All three recalled commissioners were elected to the board of education in 2018, when 74.5% of the city's registered voters cast ballots. At least 13% of participating voters chose three commissioners to serve on the board.
López and eight others have declared their candidacies: Alida Fisher, Deldelp Medina, Joseph Kelly Jr., Laurance Lee and mayoral appointees Ann Hsu, Elaine Motamedi and Lisa Weissman-Ward. Hsu and Weismman-Ward qualified for the ballot on Tuesday and Wednesday, respectively.
López is running as controversy surrounds one of Mayor London Breed's appointees to the board. The San Francisco Board of Education formally admonished Hsu for a racist comment she made about Black and brown students’ “unstable family environments” contributing to racial disparities in education.
Soon after Hsu’s answer in a pre-election questionnaire surfaced, López tweeted “(anyone) reading this and accepting it as normal behavior by a school board member should be ashamed.”

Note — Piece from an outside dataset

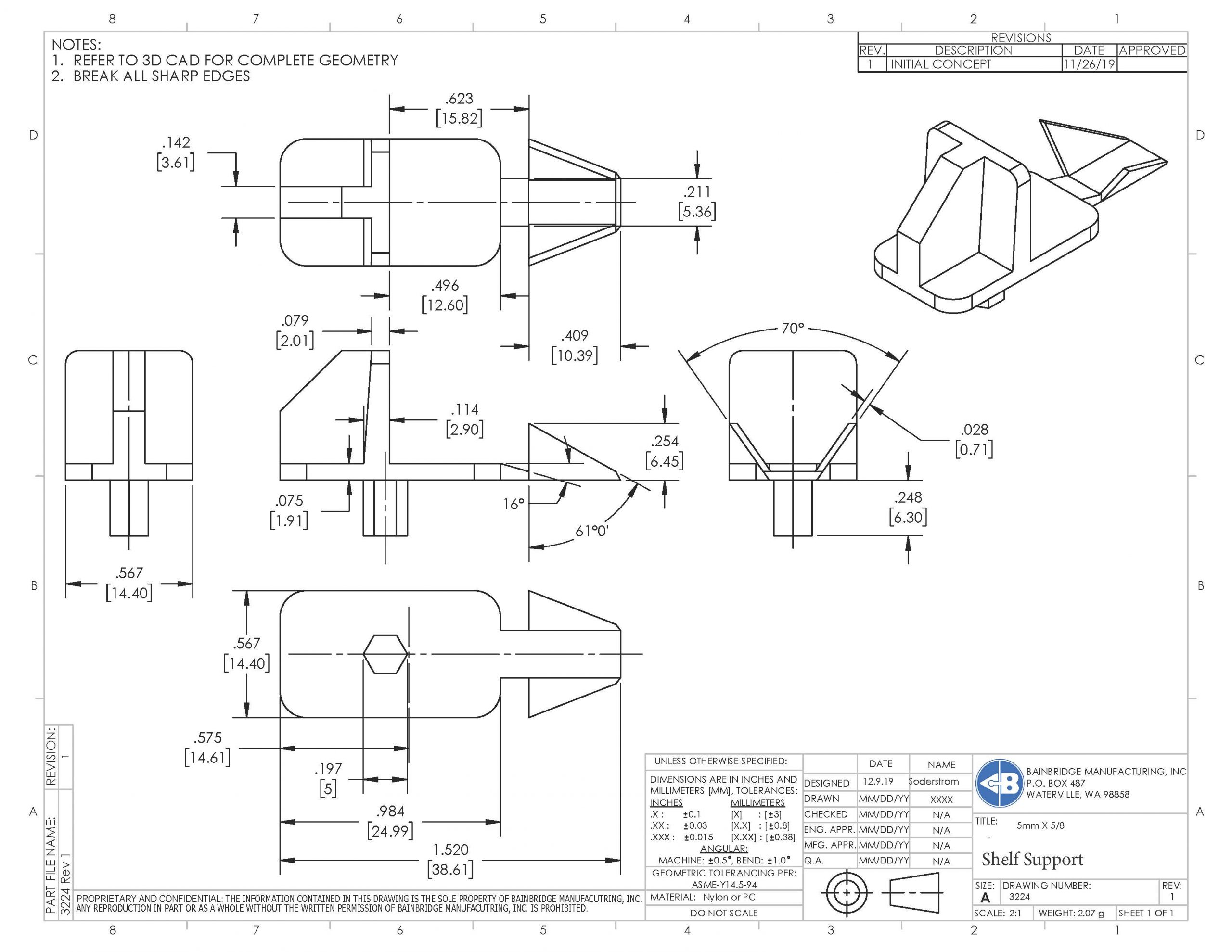 Locking shelf support with 5mm peg for 3/4″ thick shelf.

San Francisco Parent Action, the political organization that issued the questionnaire where Hsu provided and revised the answer, announced on Thursday it wasn't endorsing Hsu – but was endorsing Breed's two other appointees – after it could "not reach consensus on an endorsement of the candidate."
"We are supportive of her work to reach out and listen to the broader community after her misconceptions around Black and brown families were recently revealed," the organization said of Hsu. "The pain felt by members in our network is still raw."
Facing calls from the local NAACP, teachers' union and other organizations for her resignation, Hsu said ahead of voting for her own admonishment earlier this month that "canceling each other is not the way" to address systemic bias and inequity.